This concludes the challenge. A big thanks to everybody that participated. I've decided to crown timpwn as the ,,winner''. I'll probably still process late entries if they show up.

Quickstart Guide and Documentation

Step 1: required tools

A complete ARM capable gnu toolchain would definitely be useful. However in this documentation we are only going to use an assembler. This allows us to be exposed to more lowlevel details, and means that we can get by by just compiling binutils to target ARM.
wget http://ftp.gnu.org/gnu/binutils/binutils-2.22.tar.bz2
tar xjvf binutils-2.22.tar.bz2
./binutils-2.22/configure --target=arm-linux --prefix=$PWD
make install
This should have created all the required tools, namely bin/arm-linux-{as,objdump,objcopy,ld). Adding these paths to PATH and LD_LIBRARY_PATH environment variables will make things easier.

There are a few alternatives.
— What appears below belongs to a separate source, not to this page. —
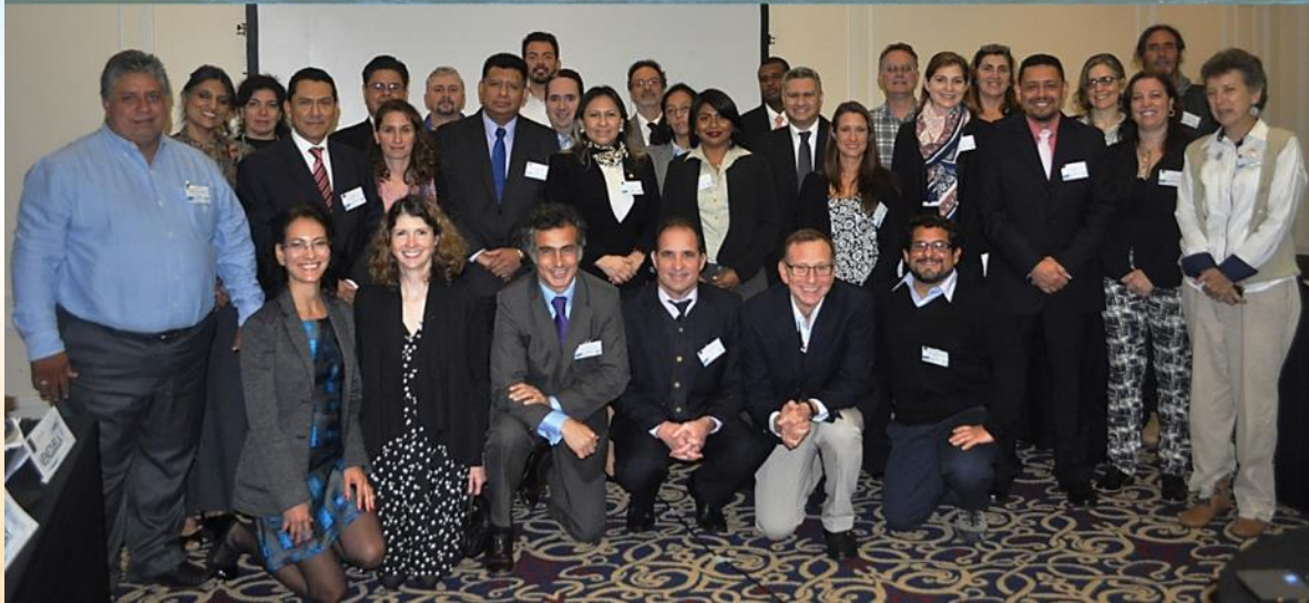
Group Picture IAC Conference of the Parties Buenos Aires, Argentina

Freefull reports that fasmarm works well too. In case you already have radare2 installed you can also (dis)assemble arm instructions using rasm2 -a arm.

Step 2: Getting Code To Execute

No BIOS to initialize hardware, read the first sector of the disks, find where to execute code from, etc. Qemu only allows you to start it using a "-kernel" option. It loads the binary into memory at 0x6001000 and uses a kernel calling convention on how to pass the commandline and where a potential initrd is loaded. However we will ignore all that and just pretend that the file we supply is part of rom where code execution starts. Execution will start at the first byte of the file.
qemu-system-arm -M vexpress-a9 -kernel code.bin
The first step is to see if the hardware is alive. To do this we will write a little program that outputs the letter 'A' on a serial connection.
e3a03a09        mov     r3, $0x9000
e3413000        movt    r3, $0x1000
e3a02041        mov     r2, $0x41
e5c32000        strb    r2, [r3]
ARM instructions are 32bit. Unless you are talking about Thumb code. Which we will cover later. The first 4 bits of an ARM instruction contain a condition code. "Always" is encoded as 1110. So expect a lot of our instructions to start with 0xe. However it's already a pretty important feature of the ARM architecture we came across here. Most ARM instructions (not Thumb) can be conditional. Similar to cmov on x86 these instructions only execute based on bits in a flags register. This saves a number of branch instructions (on x86 these would be the jcc instructions. jxx/jump/call are now called branch). This allegedly compensates a bit for the lack of branch prediction that can compete with x86'.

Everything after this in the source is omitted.